Task requirements: Your task is to return all of the records exactly, minus any images.

Content starts

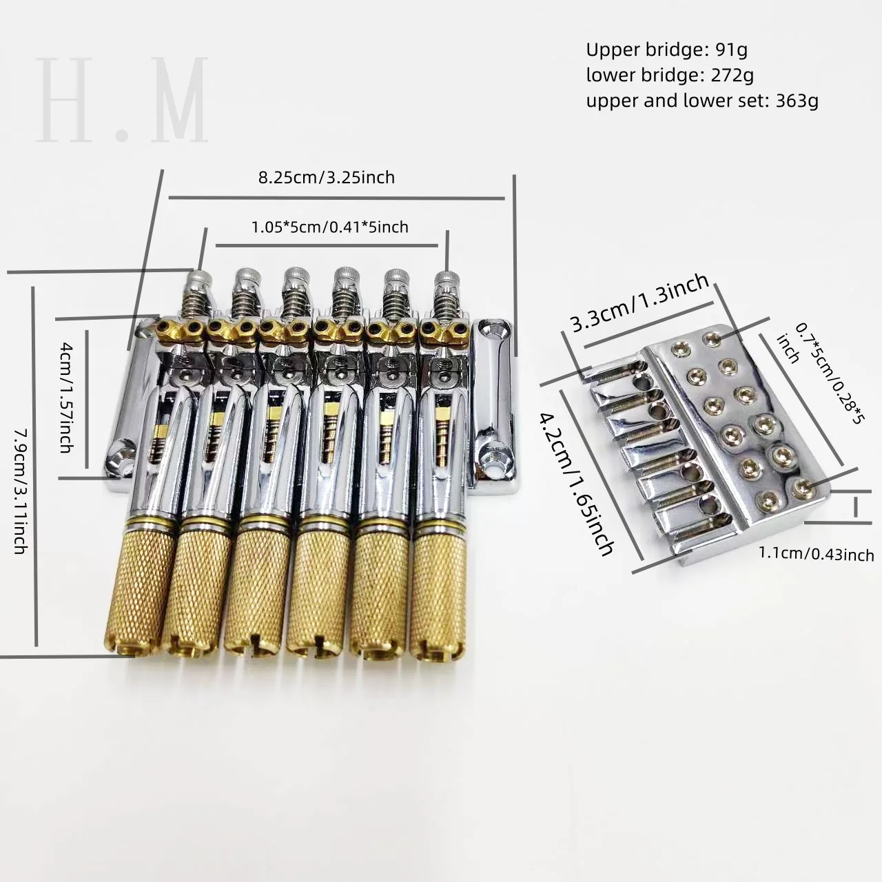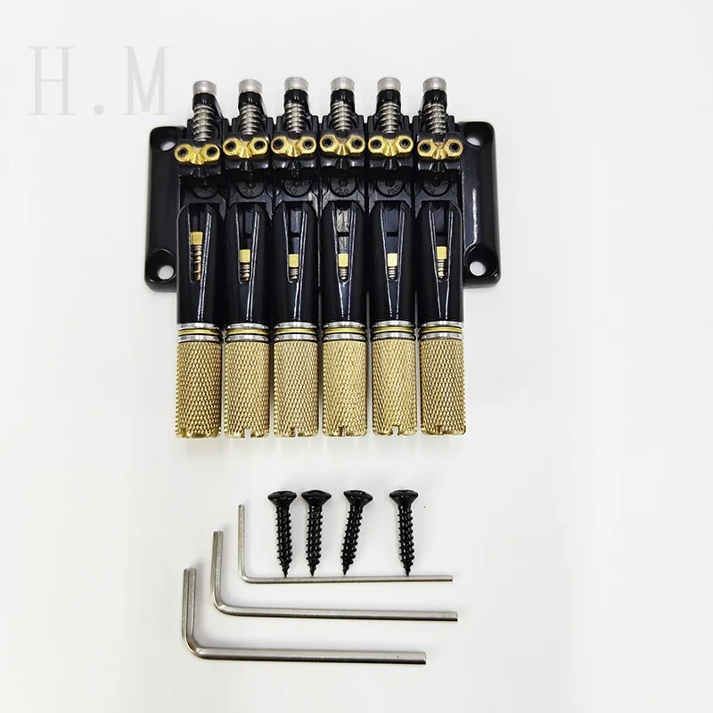 - This superior guitar bridge set is made from zinc alloy and brass, ensuring robustness and high resistance to corrosion, with a refined high-gloss finish for a professional and sophisticated look.
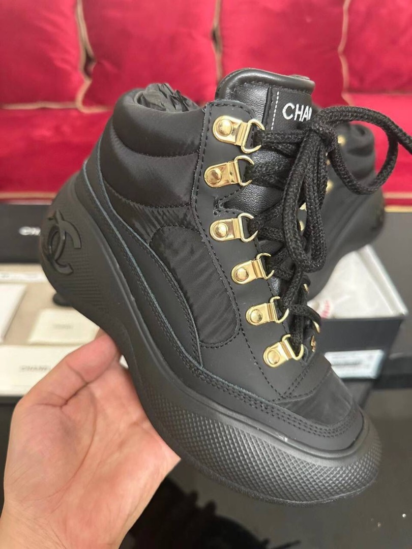 Женские комбинированные ботинки Chanel 2023 черные на шнурках
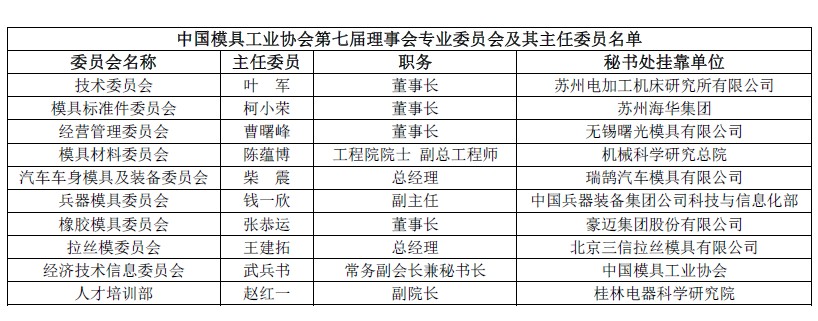 中國(guó)模具工業(yè)協(xié)會(huì)第七屆理事會(huì)專業(yè)委員會(huì)及其主任委員名單
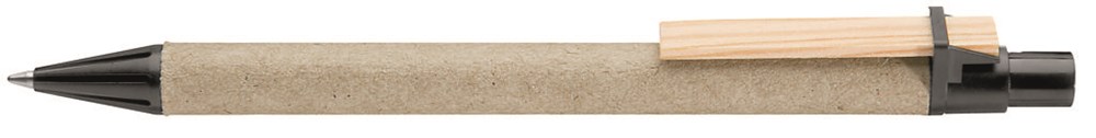 Druckkugelschreiber aus recycelter, naturfarbener Pappe. Spitze und Drücker unifarben aus recyceltem oder biologisch (Bio-Mix) abbaubarem Kunststoff sowie Holzclip. Minentype: uma X-20 Refill Minenfarbe: blau
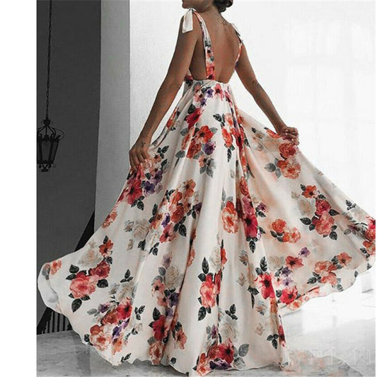 Floral Print Sleeveless V-Neck Backless Vintage Long Boho Party Cocktail Pink Dress
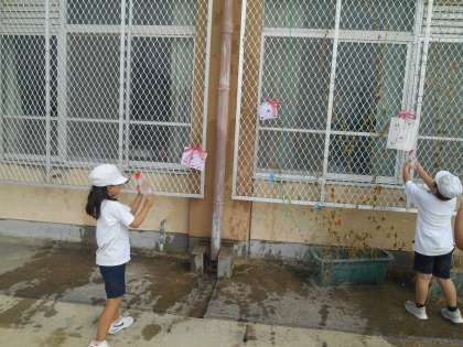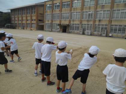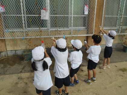 容器を使って、水を遠くに飛ばしたり的を狙って飛ばしたり絵を描いたりし、楽しみました。

Content ends

Answer to this problem:
 - This superior guitar bridge set is made from zinc alloy and brass, ensuring robustness and high resistance to corrosion, with a refined high-gloss finish for a professional and sophisticated look.
 Женские комбинированные ботинки Chanel 2023 черные на шнурках
 中國(guó)模具工業(yè)協(xié)會(huì)第七屆理事會(huì)專業(yè)委員會(huì)及其主任委員名單
 Druckkugelschreiber aus recycelter, naturfarbener Pappe. Spitze und Drücker unifarben aus recyceltem oder biologisch (Bio-Mix) abbaubarem Kunststoff sowie Holzclip. Minentype: uma X-20 Refill Minenfarbe: blau
 Floral Print Sleeveless V-Neck Backless Vintage Long Boho Party Cocktail Pink Dress
 容器を使って、水を遠くに飛ばしたり的を狙って飛ばしたり絵を描いたりし、楽しみました。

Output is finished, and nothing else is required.